Но судьба распорядилась иначе. Едва Бецкой переступил порог московской квартиры Васильева — скромной, обставленной без излишеств, с широкими кожаными креслами да грудами дел на письменном столе, — как хозяин, мужчина рослый, широкоплечий, с усталым взглядом и окладистою русою бородою, уже укладывал дорожный саквояж.

— Ты уж прости, Афанасий, — сказал он, крепко, по-медвежьи пожимая гостю руку. — Не могу встретить тебя, как подобает. Велено мне в отъезд. Дела канцелярские, сам понимаешь.

Бецкой снял пальто, аккуратно перекинул её через спинку стула, опустился в кресло и с видимым удовольствием, видно, утомлённый дорогою, вытянул ноги.

— Куда ж это ты с такой неохотой ехать собираешься? — спросил он, слегка прищурившись.
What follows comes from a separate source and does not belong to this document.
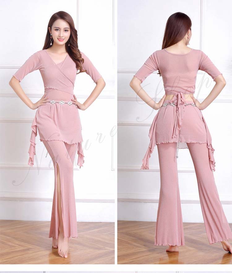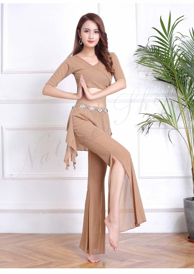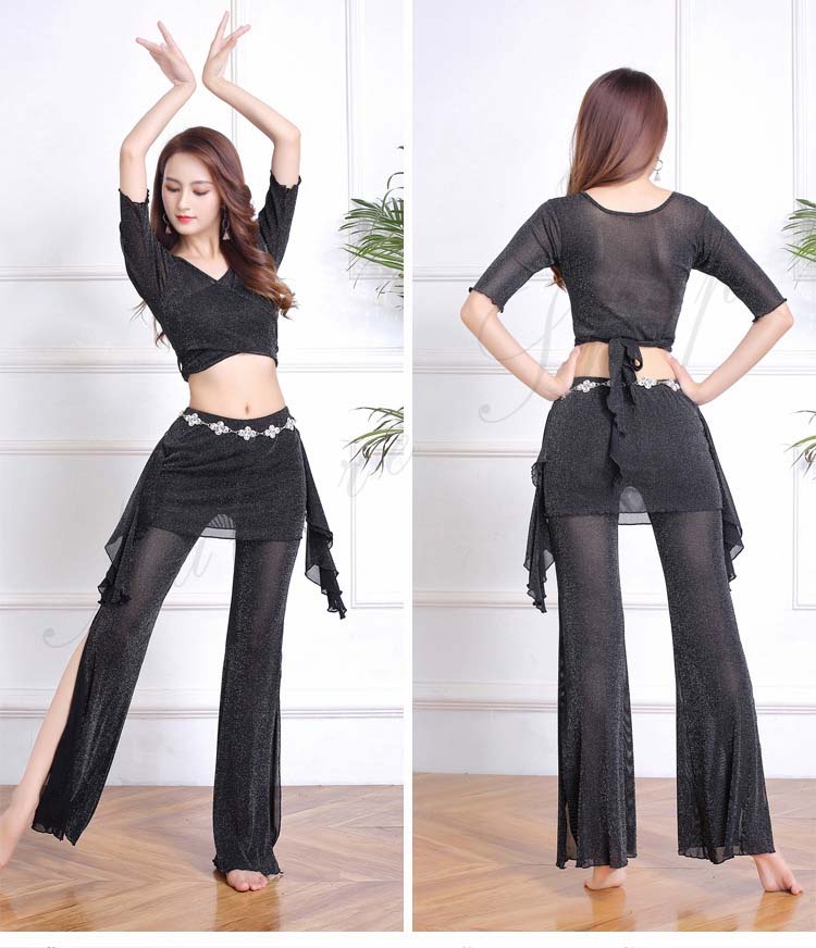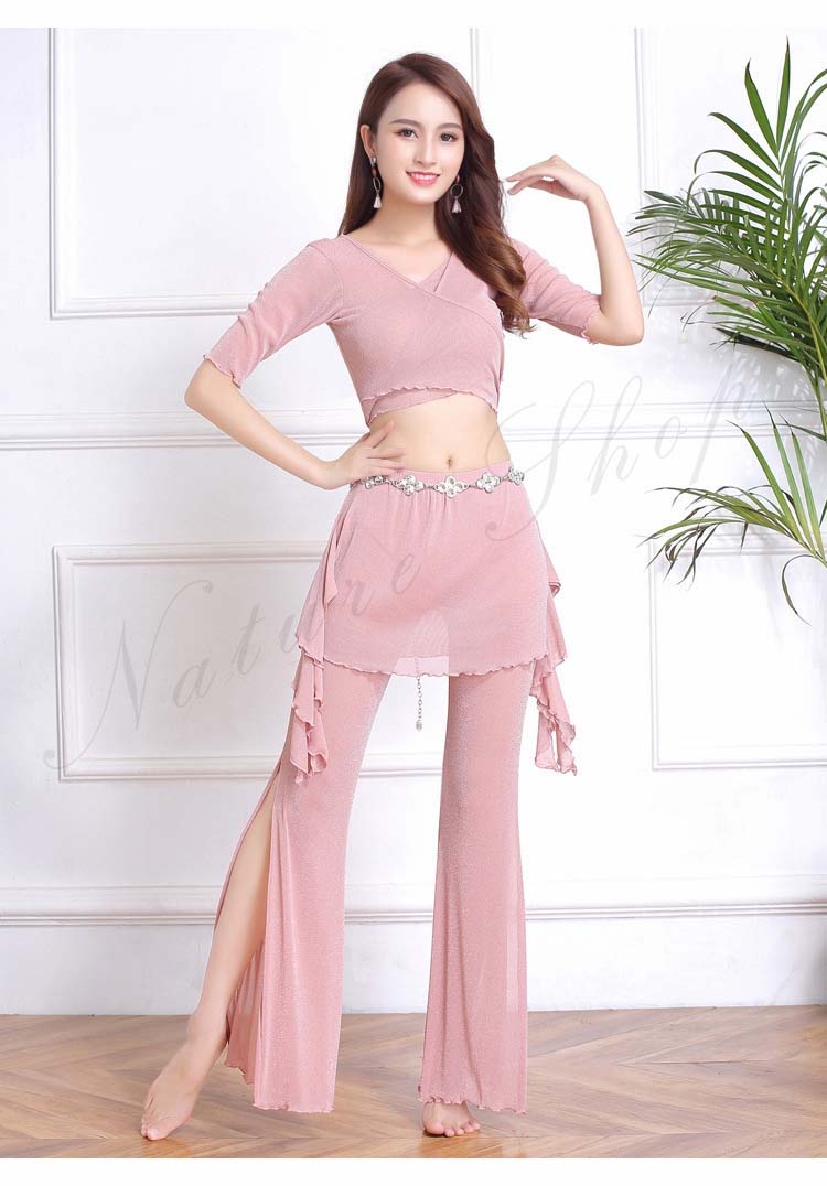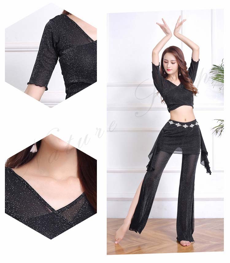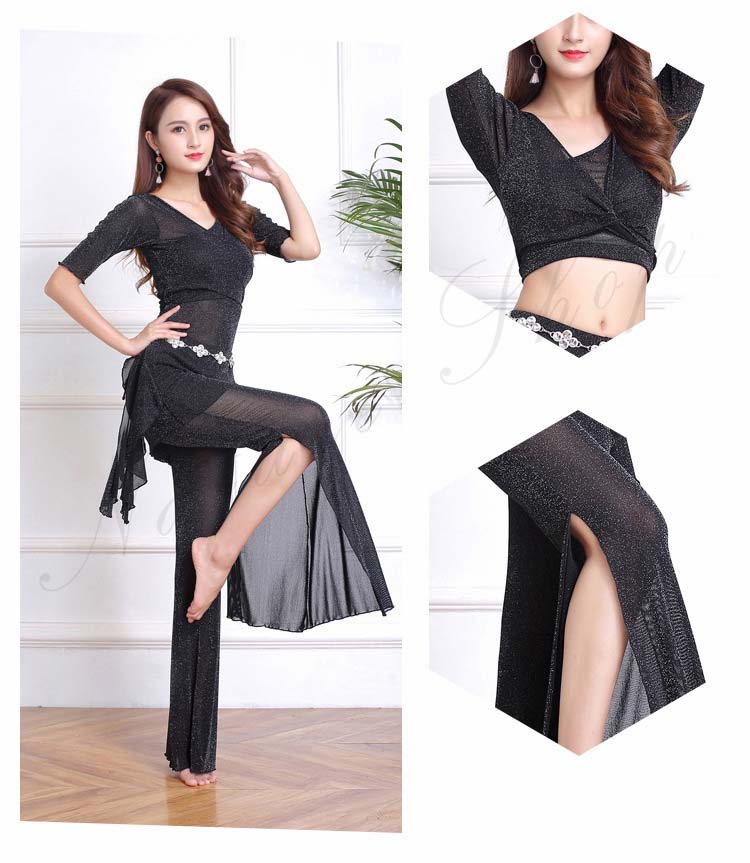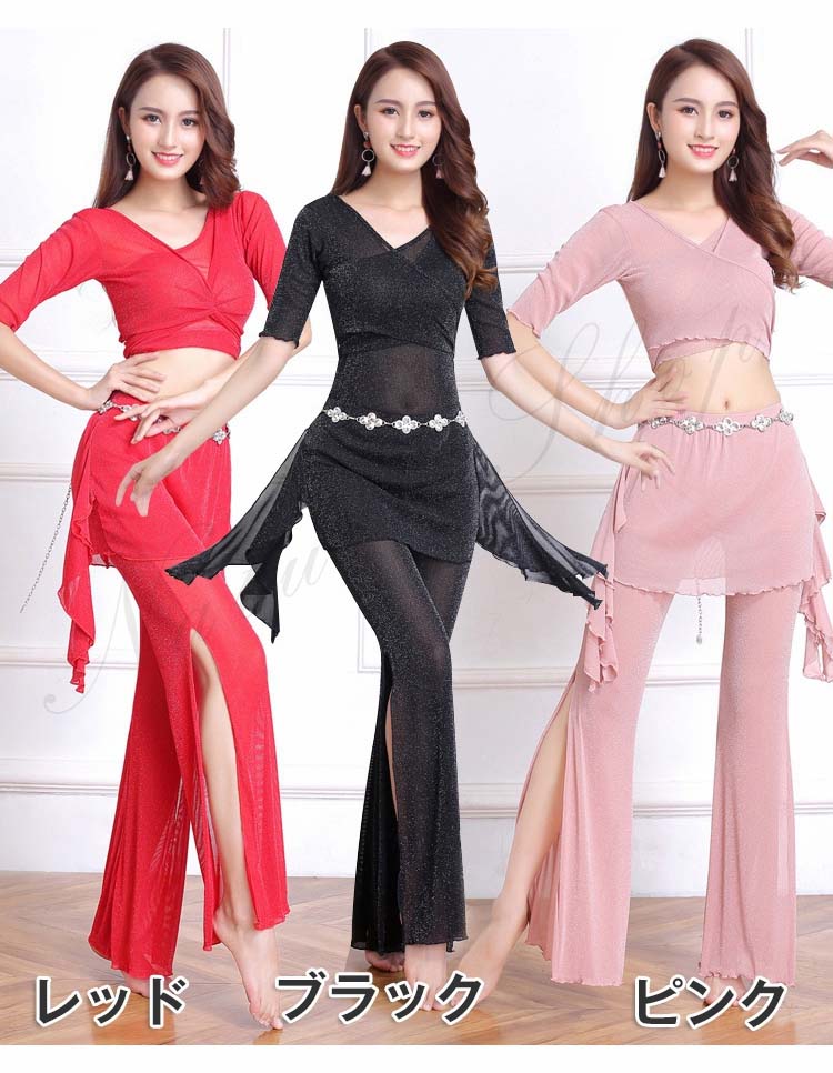 シースルー パンタロン 五分袖 ヨガ 衣装セット リボン レディース 衣装S~3XL ラメ入り Vネック dance バレエ スカーフ付き セットアップ ストレッチ ベリー ベリーダンス

— В городишко один, вёрстах в тридцати от Москвы, — поморщился Васильев, точно зуб у него заныл, и потёр висок. — Пришло извещение, понимаешь ли. Будто бы объявился там мальчишка — то ли ведовством промышляет, то ли интегуменом является. Донос анонимный. Но начальство велело проверить. Стало быть, ехать надобно.

Бецкой задумался. Потер переносицу, помолчал. Вдруг оживился, даже приподнялся:

— А возьми-ка ты меня с собою, Евгений Павлович. Прокачусь, на людей погляжу, на твою службу полюбуюсь. А то от начальства одно и слышишь: “В Москве, мол, там успехи! Там люди делом заняты, а не маются чем попало!”

Васильев глянул на него исподлобья, усмехнулся в усы.

— Охота тебе, Афанасий, в свободное время службою заниматься? — спросил он беззлобно, но с тою особенной, свойственной старым приятелям насмешливой интонацией. — Жалованья за это не прибавят. Да и награды не выйдет.

— Еду — и всё тут! — отрезал Бецкой и даже ногою притопнул.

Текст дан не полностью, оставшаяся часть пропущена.